After it had anticipated a postponement back in April, Expo 2020 Dubai has confirmed on Monday that the international event will take place a year from its original dates. The new schedule will see Expo 2020 take place in Dubai, the UAE, from Oct. 1, 2021 until March 31, 2022.
The name "Expo 2020 Dubai" will be retained despite the adjournment.
According to the announcement on the expo's website, such a delay will allow "all participants to safely navigate the impact of COVID-19" while allowing the World Expo "to focus on a collective desire for new thinking to identify solutions to some of the greatest challenges of our time."
A two-thirds majority of the Bureau International des Expositions (BIE) Member States, the intergovernmental organization in charge of overseeing and regulating World Expos, voted in favor of the postponement. Votes are still open until May 29, though "the two-thirds threshold was surpassed within a week of voting opening on 24 April," which means no changes should further take place.
France declared its support of the decision and its desire to reinvent its pavilion - all participating countries in Expo 2020 Dubai are granted their own pavilion - to better suit today's global challenge of innovative eco-friendly and user-oriented mobility solutions, as reported by WAM, the UAE's news agency.
International reactions to the news were positive, especially coming from participating countries.

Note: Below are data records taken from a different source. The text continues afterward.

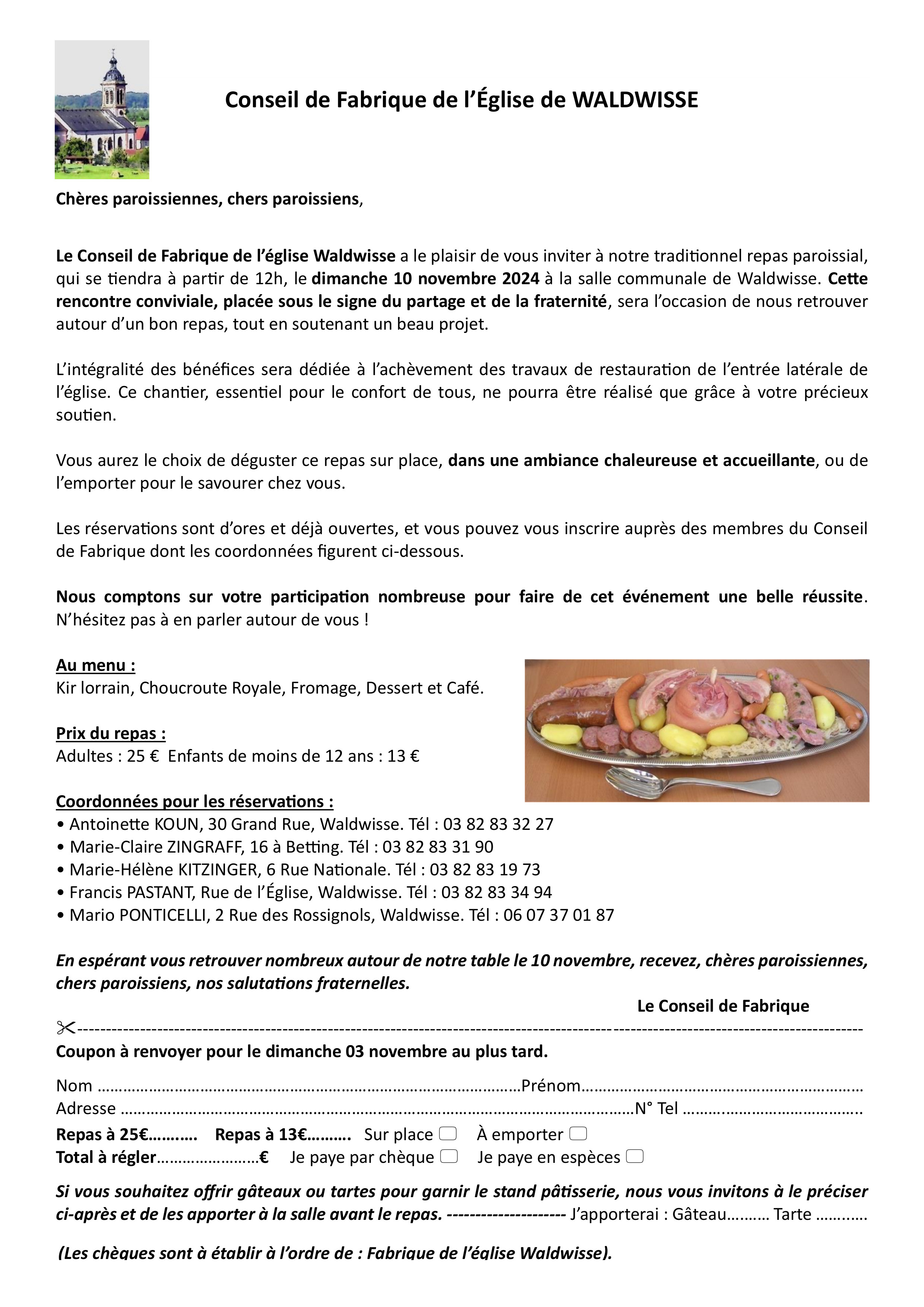 • Dimanche 9 novembre à WALDWISSE : Repas paroissial17 octobre 2025 - 15 h 00 min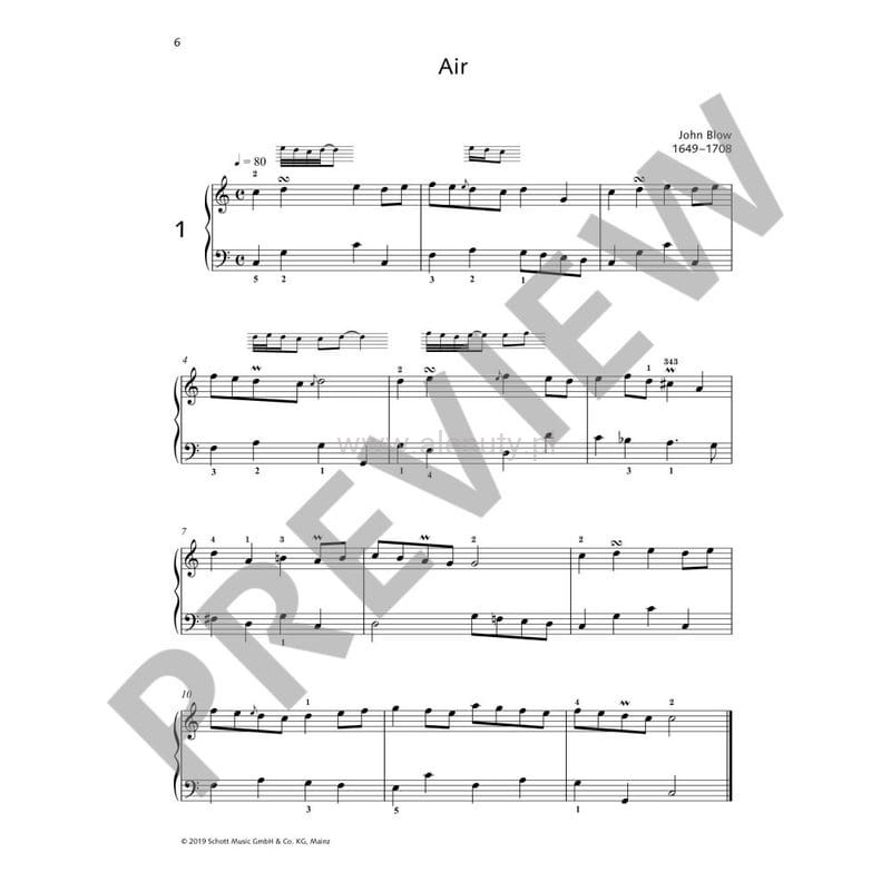 Druga część zawiera utwory z rozszerzonym zakresem dwóch oktaw i sekwencje akordów z trzema lub czterema składnikami, w tym ich przewroty. Inne aspekty nauki obejmują użycie pedału, proste ozdobniki, podstawową polifonię, rozróżnianie melodii i akompaniamentu oraz utwory w tonacjach durowych i molowych. Nuty przeznaczone dla początkujących.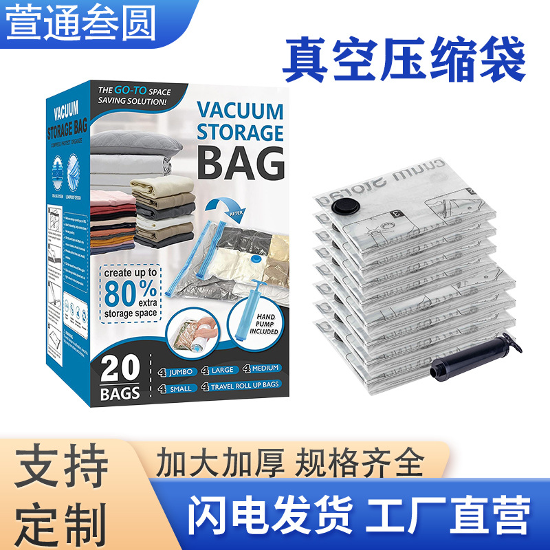 20 ピースクロスボーダー真空バッグ圧縮バッグ衣類収納アマゾン人形枕真空収納袋ハンドポンプ付き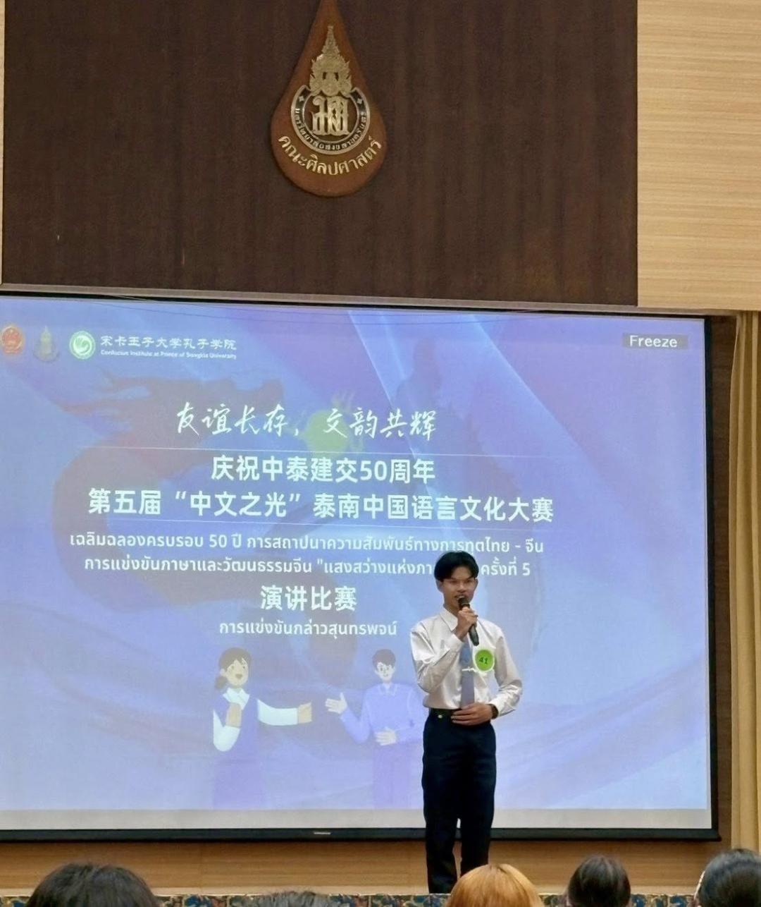 คณะมนุษยศาสตร์และสังคมศาสตร์ มหาวิทยาลัยทักษิณ ขอแสดงความยินดีกับนิสิตหลักสูตรศิลปศาสตรบัณฑิต สาขาวิชาภาษาจีน ในโอกาสที่ได้รับรางวัลจากการเข้าร่วมการแข่งขัน "แสงสว่างแห่งภาษาจีน”ครั้งที่ 5 จัดขึ้นโดย สถาบันขงจื๊อ มหาวิทยาลัยสงขลานครินทร์ เมื่อวันที่ 17 มกราคม พ.ศ. 2569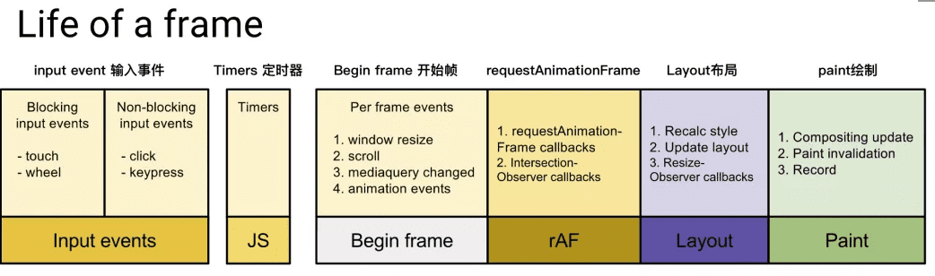 在浏览器中,页面是一帧一帧绘制出来的,渲染的帧率与设备的刷新率保持一致。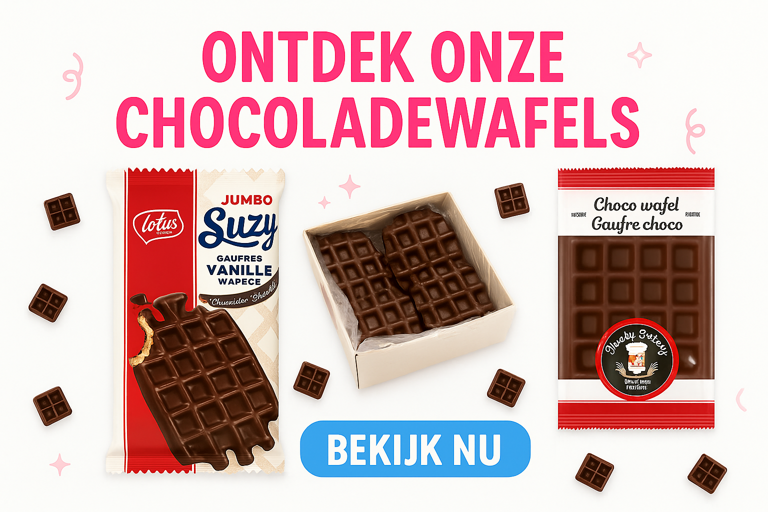 Kies je favoriete chocoladewafels uit ons assortiment.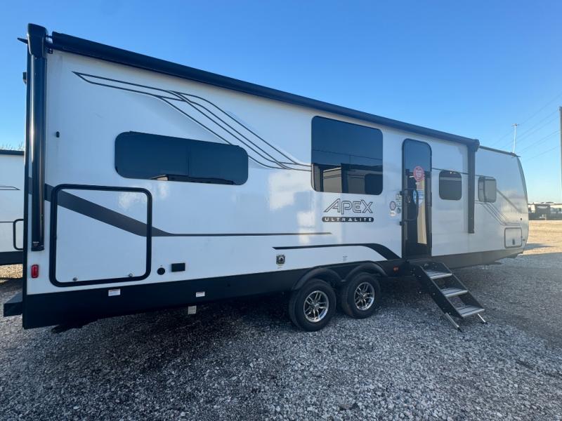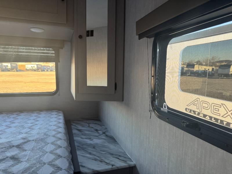 Lightweight living and camping is found with the Apex Ultra-Lite travel trailers by Coachmen. These eco-friendly units are made to last thanks to the Azdel composite sidewalls, the laminated aluminum floor, and the vacuum-bonded laminated crowned roof. Easy lube axles make towing easier than ever, plus there is a friction hinge entrance door, a 200-watt solar panel with a 30 Amp control charger, and slam latch baggage door catches for easy unloading. Some of the interior comforts you'll fall in love with are the one-piece seamless edge countertops, the hard valances with night shades, the matte black hardware, and the Casino Bisque cabinetry. The Apex Ultra-Lite trailers also include USB ports, a digital TV antenna with cable hook-ups and Wi-Fi capability, and a 13.5K BTU A/C to keep you comfortable all summer long!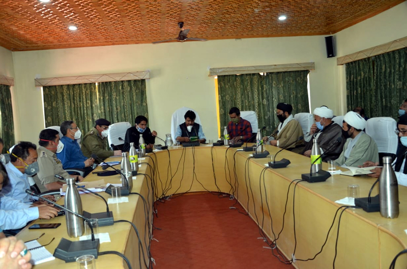 Executive Councilor for Health Muhammad Ali Chandan, District Magistrate/ Deputy Commissioner and Chief Executive Officer, LAHDC, Kargil Baseer ul Haq Choudhary, SSP Kargil Dr Vinod Kumar, Additional DC Kargil Tsering Motup, Additional SP Kargil Iftikhar Talib Choudhary, representatives of Anjuman e Jamiatul Ulema Isna Ashariya Kargil (AJUIAK), Imam Khomeini Memorial Trust (IKMT), Kargil, Anjuman e Ahle Sunnat Wal Jama’at Kargil, Anjuman e Sufia Noorbakshiya Kargil, Anjuman e Sahib Zaman Kargil and Buddhist Association Kargil, CMO Kargil Dr Muhammad Ibrahim Khan, Nodal Officer COVID Hospital Kargil and Senior Physician Specialist Dr Vilayat Ali, Assistant Commissioner Revenue Shabir Hussain, President Merchants’ Association Kargil besides other concerned officers attended the meeting.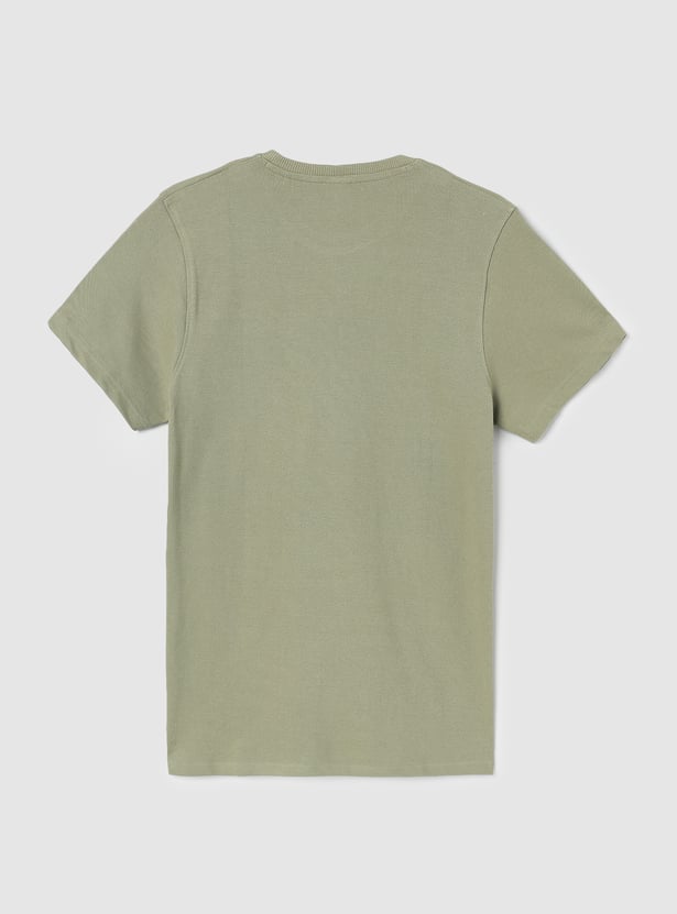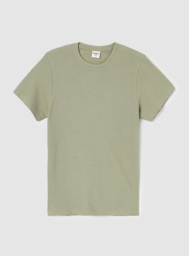 Upgrade his basic wardrobe with this T-shirt. It has a crew neck and half sleeves. The knit construction in solid tone ensures its versatility.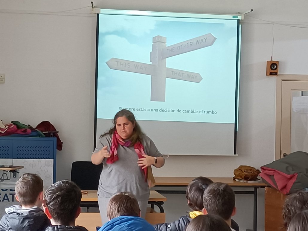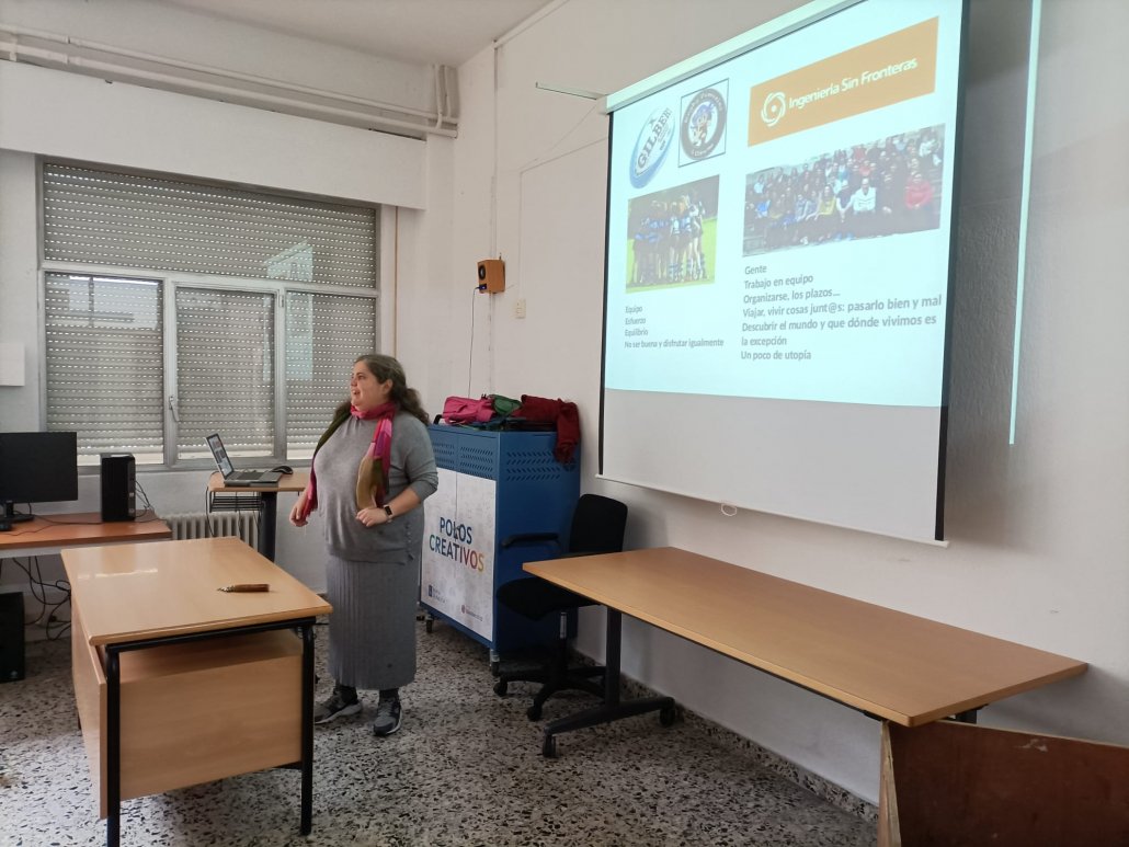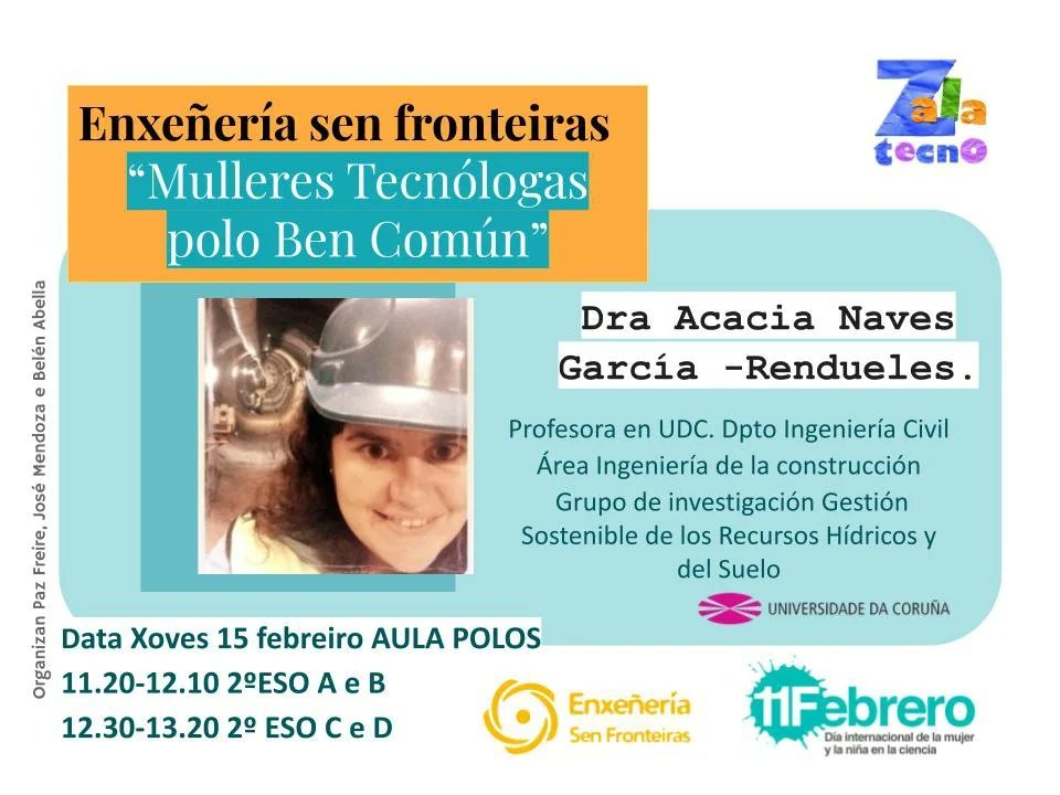 Acacia Naves García-Rendueles, voluntaria de ESF dende hai moitos anos (actualmente no grupo de Mulleres Tecnólogas para o Ben Común e asesora técnica en temas de auga), doctora Enxeñería de Camiños e profesora na UDC, estivo no IES Zalaeta, falando para 4 grupos de 2º da ESO (houbo que facer dúas tandas). O título do faladoiro foi “Cómo atopei o que realmente me gusta” . Estivo acompañada tamén polas docentes Paz, José, Belén, Luisa, MªXosé e Iria.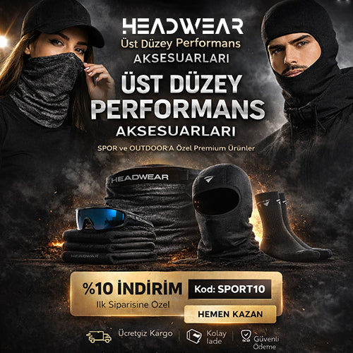Performans neck gaiter, çorap ve aktif yaşam ürünleri.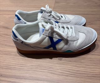 Me costaron 85€ Zapatillas de fútbol sala de la marca Munich. Combinan un diseño deportivo con detalles en azul y blanco. - Parte superior de ante y textil. - Suela de goma. - Cierre con cordones.

According to Arabian Business, Armenia, Brazil, Chile, Colombia, Cyprus, Finland, Egypt, Italy, Malawi, Maldives, and Uganda have all shared their support and ambition to make Expo 2020 Dubai a successful six-month long exhibition.
Dubai is the first Arab city to host a World Expo. In fact, the UAE is the first country among its Middle Eastern, African, and South Asian counterparts to host the international event.
The fair was first expected to host about 25 million visitors; that's nearly three times the population of the UAE. Dubai, the host city, was expected to attract 11 million foreign visitors to the world fair, organizers said in a 2019 interview. No new numbers have been shared regarding the anticipated influx of visitors.
At the start of 2020, the exhibition proved helpful in the boost of Dubai's >declining real estate market, especially since officials were forecasting a spike in tourism to the vibrant city of Dubai during the expo.
According to the Knight Frank's annual Prime International Residential Index (PIRI) 2020, the emirate's annual rate of decline had decreased to -0.7 percent in 2019 in comparison with the worldwide annual average growth rate of 1.8 percent. Dubai's current predicament with residential properties - which is mainly due to oversupply - is predicted to continue getting worse but at a much slower rate than in 2019. The slow pace is attributed mainly to Expo 2020 Dubai and the execution of the five to 10-year investment visas in the UAE.
Experts were hopeful Expo 2020 would bring more life and investment to Dubai, particularly after the COVID-19 pandemic paralyzed markets around the world. It remains unclear how the postponement will affect the real estate sector among many others.